Stop at the line containing "Denne buttpluggen i": repeat exactly every line of the entries below from the first up to it, plus that line, with pictures omitted.
═════ Records shown ═════
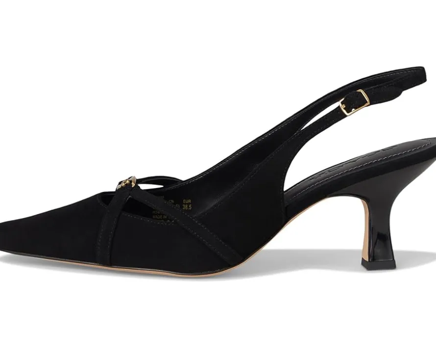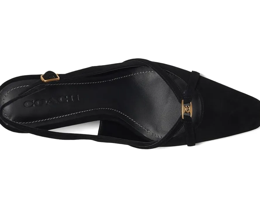 - A touch of timeless: The COACH® Rowyn Slingback – experience effortless sophistication. Crafted with a luxurious leather upper and outsole, complemented by a sleek faux leather lining and insole, these slingbacks redefine chic. The square toe design offers modern flair, while the kitten heel delivers all-day wearability. A secure ankle buckle closure ensures a tailored fit, making these the perfect companion for everything from office meetings to evening soirées.
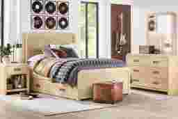 Kids Hidden Hills Light Oak Full Panel Bedroom with Dresser and Mirror
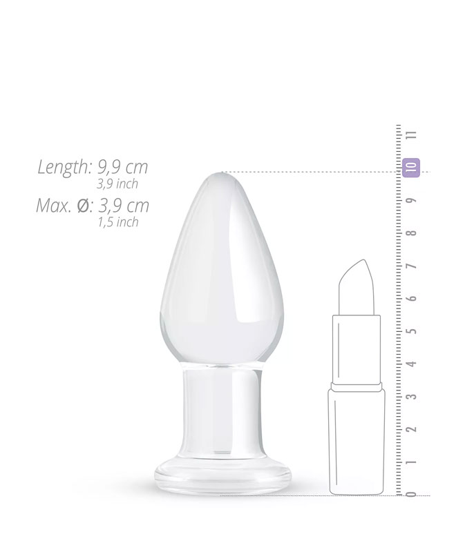 Denne buttpluggen i glass er perfekt for menn og kvinner som leter etter en god analleke! Pluggen er laget av glass og er middels stor med en diameter på ca 3,9 cm.
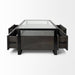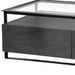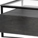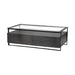Make your living room or family room really stand out with this 30" clear black glass rectangular coffee table with four drawers and shelf. The clear glass top of this table is a nice visual contrast to the high quality, black metal of the base. Includes a single shelf for handy storage or display space. The tray top option makes this coffee table multi-functional and an exciting way to accent your space. This rectangular table is an classic yet updated way to accent your room. It has a fresh design that will definitely breathe some fresh air into your interior. This coffee table is the sturdy, reliable and stylish answer to your living room needs. 18" H x 30" W x 54" D
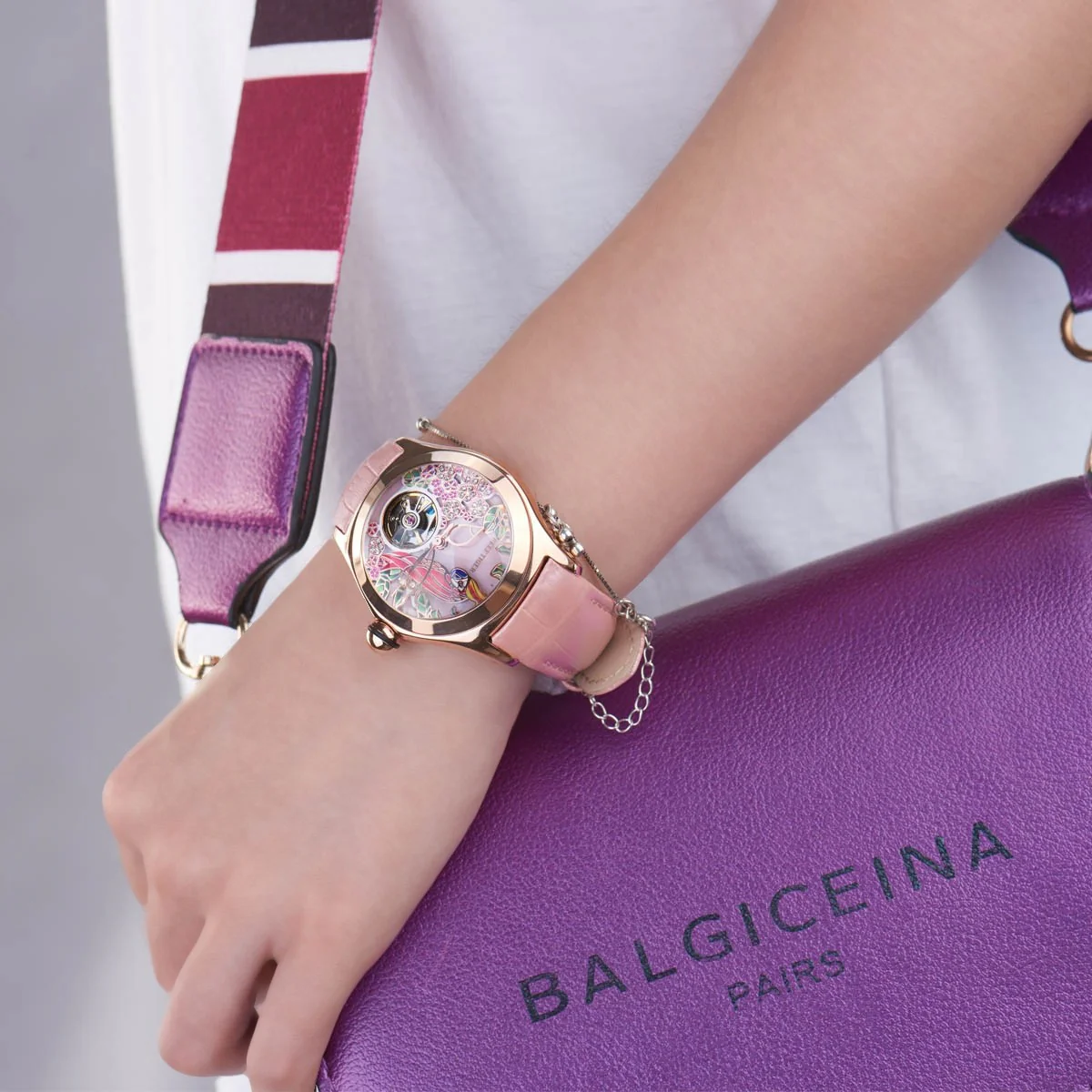 Dial Design: White Dial & Watch face is designed with Diamond citron crested cockatoo Dial & tourbillon style dial.
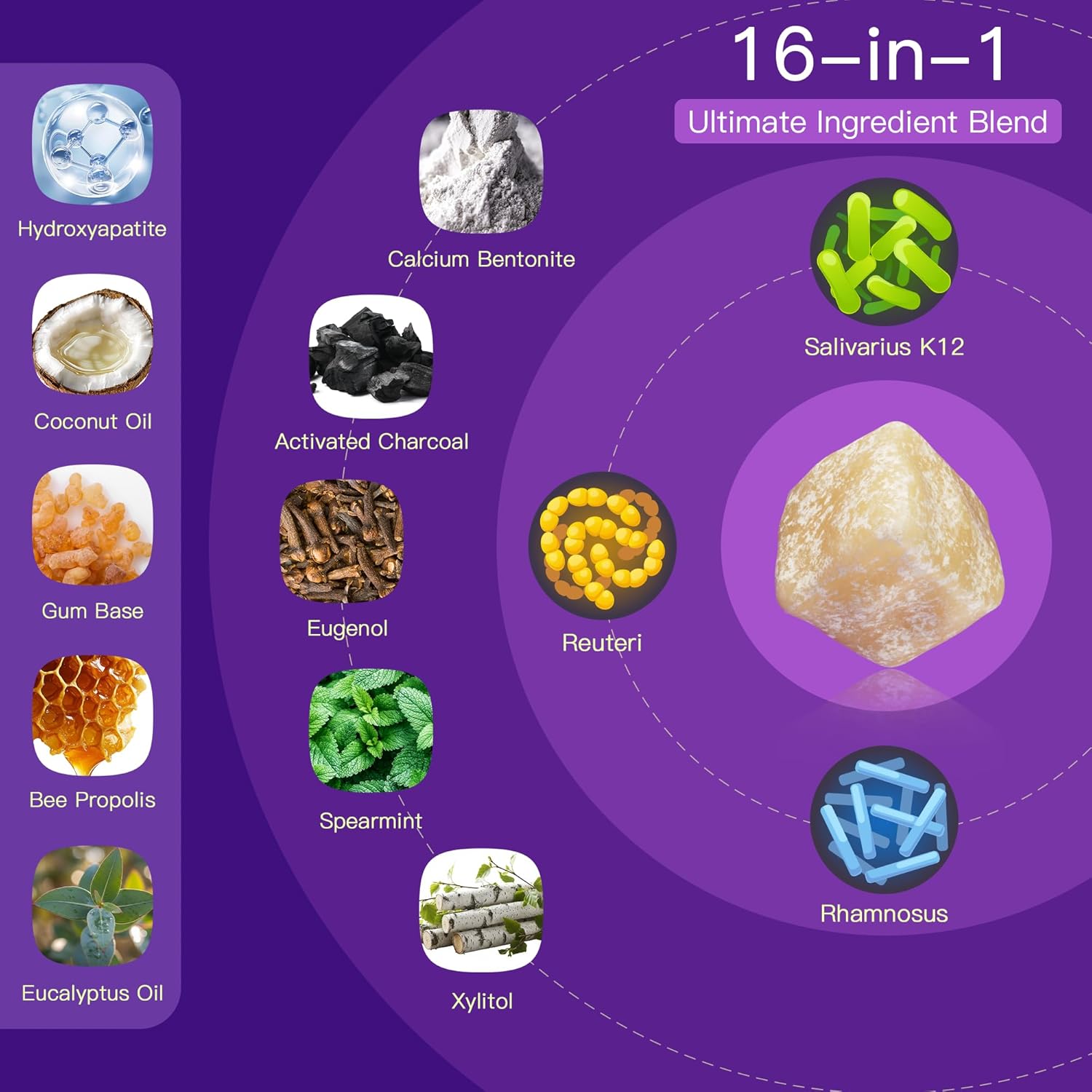 Boost enamel & oral health with our probiotic hydroxyapatite gum! Plastic-free, fresh breath for any occasion. Get your 72-piece pack now!
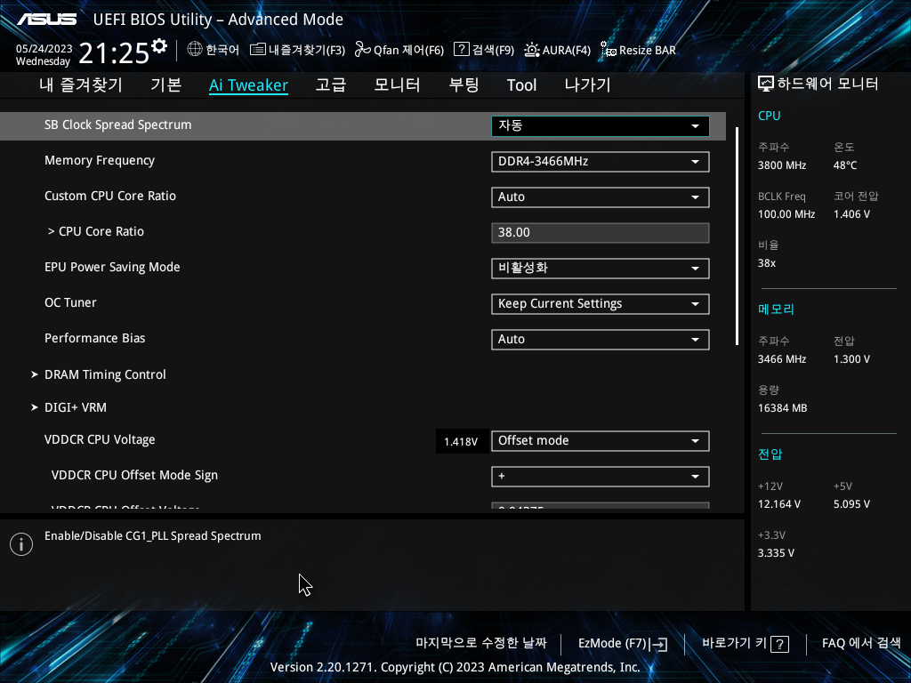 그대로 세팅을 마치려고 했으나 기본 전압이 1.4V 넘게 박히고 있고 아이들 온도가 70도 찍고 난리나서 추가로 좀 더 손을 봤다
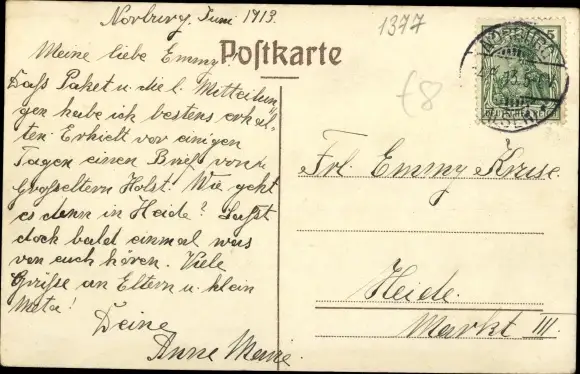 gelaufen 1913, leicht fleckig, sonst guter Zustand
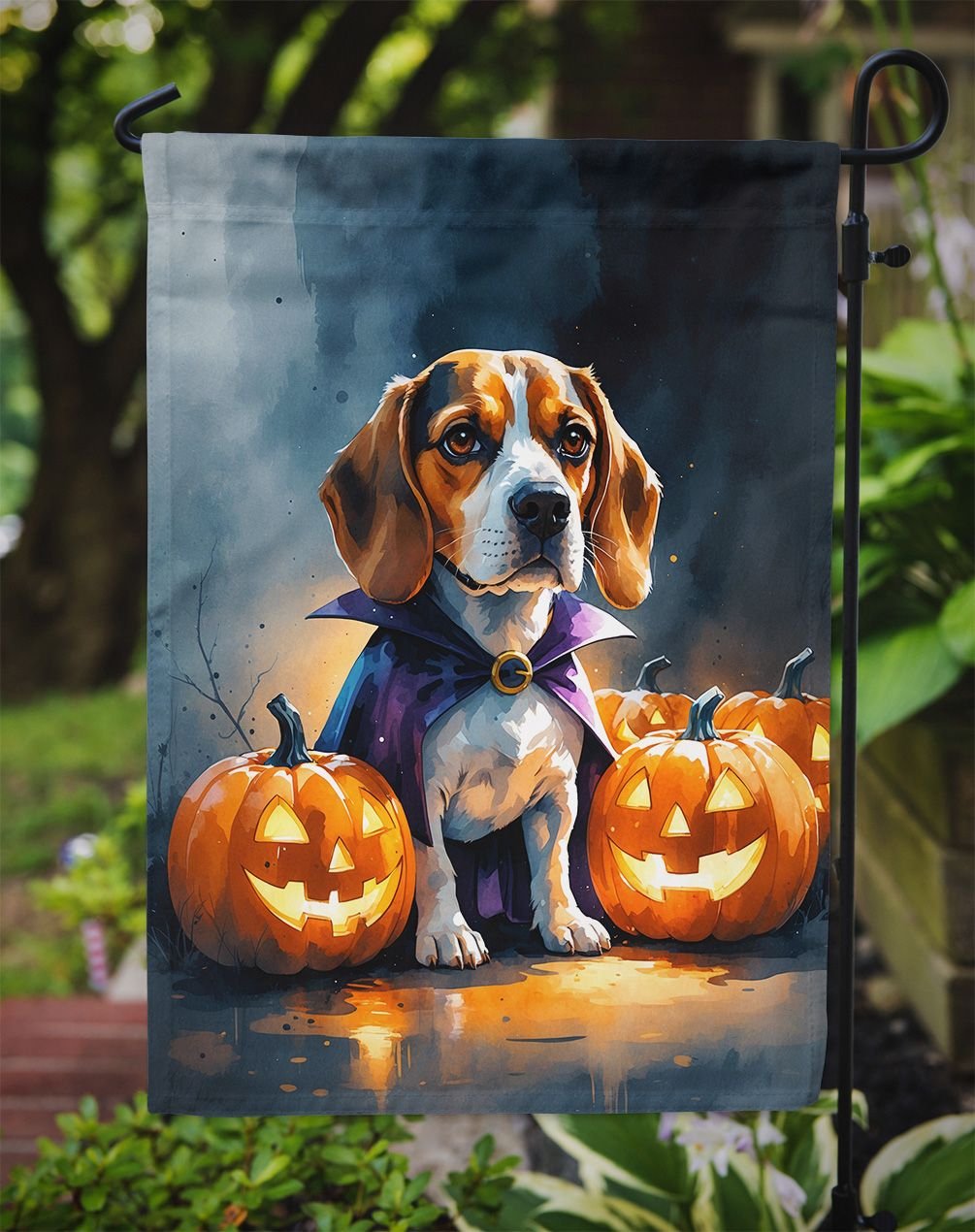 Garden Flag featuring breed specific Beagle artwork. Celebrate Halloween with this Halloween Garden Flag. Enhance the beauty of your garden, patio, or yard with Caroline's Treasures Decorative Garden Flag, proudly made in the USA. Crafted from two pieces of thick, double-sided polyester fabric, this 2-ply garden flag is designed to withstand various weather conditions, making it water-resistant and weatherproof. Featuring correctly readable words on both sides, this garden flag offers a delightful visual experience from any angle. With its heavier weight, it stands out among other garden flags, ensuring stability and durability even in wind, rain, and snow. Measuring approximately 11 1/4 inches by 15 1/2 inches, this flag allows you to personalize your outdoor decor. It comes with a 1 1/2-inch sleeve sewn in, allowing easy attachment to any standard garden flag stand or garden size porch hanger (sold separately). Make a statement in your outdoor space with Caroline's Treasures Decorative Garden Flag, a vibrant and high-quality flag that adds color and personality to your surroundings. Proudly made in the USA, it's a symbol of quality craftsmanship and attention to detail.
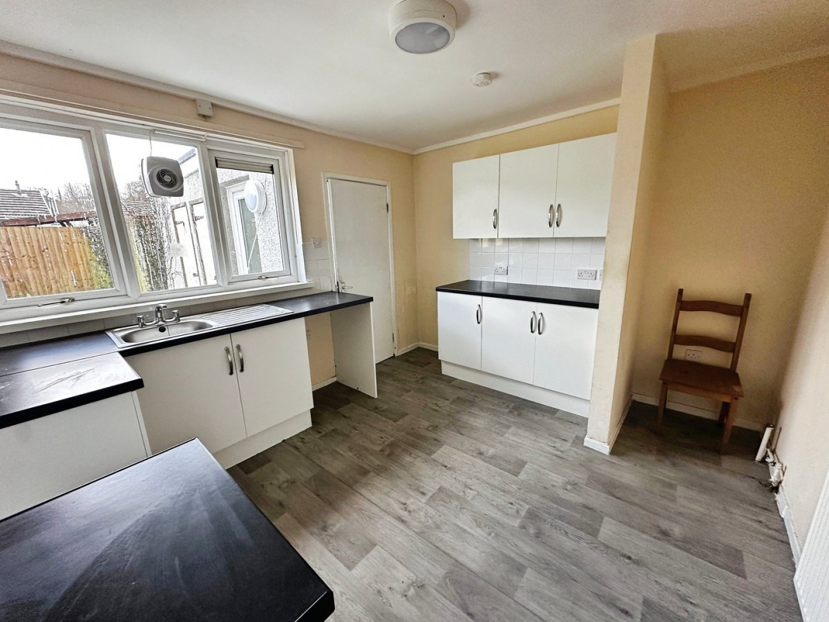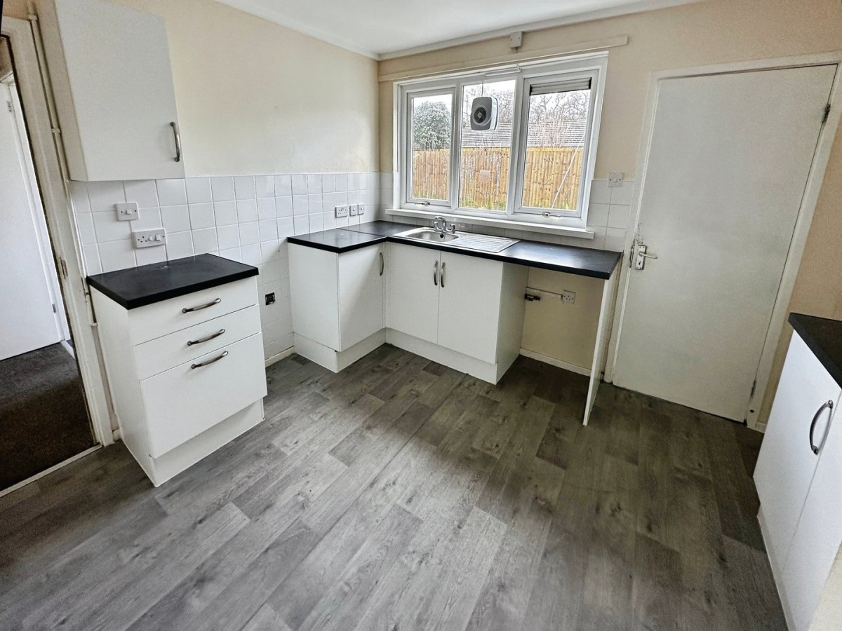 3.6m x 3.2m (11' 10" x 10' 6") Overlooking the rear via PVCu double glazed window with a built-in extractor. Central light fitting, vinyl floor. A range of low level of wall mounted kitchen units in white with brushed chrome handles and a complementary roll top work surface. Inset sink with mixer tap and drainer. Space for gas cooker. Plumbing for automatic washing machine. Space for fridge freezer. Doorway through into the rear lobby with a frosted glazed door leading out to the rear garden.
═════
> [Written answer]
 - A touch of timeless: The COACH® Rowyn Slingback – experience effortless sophistication. Crafted with a luxurious leather upper and outsole, complemented by a sleek faux leather lining and insole, these slingbacks redefine chic. The square toe design offers modern flair, while the kitten heel delivers all-day wearability. A secure ankle buckle closure ensures a tailored fit, making these the perfect companion for everything from office meetings to evening soirées.
 Kids Hidden Hills Light Oak Full Panel Bedroom with Dresser and Mirror
 Denne buttpluggen i glass er perfekt for menn og kvinner som leter etter en god analleke! Pluggen er laget av glass og er middels stor med en diameter på ca 3,9 cm.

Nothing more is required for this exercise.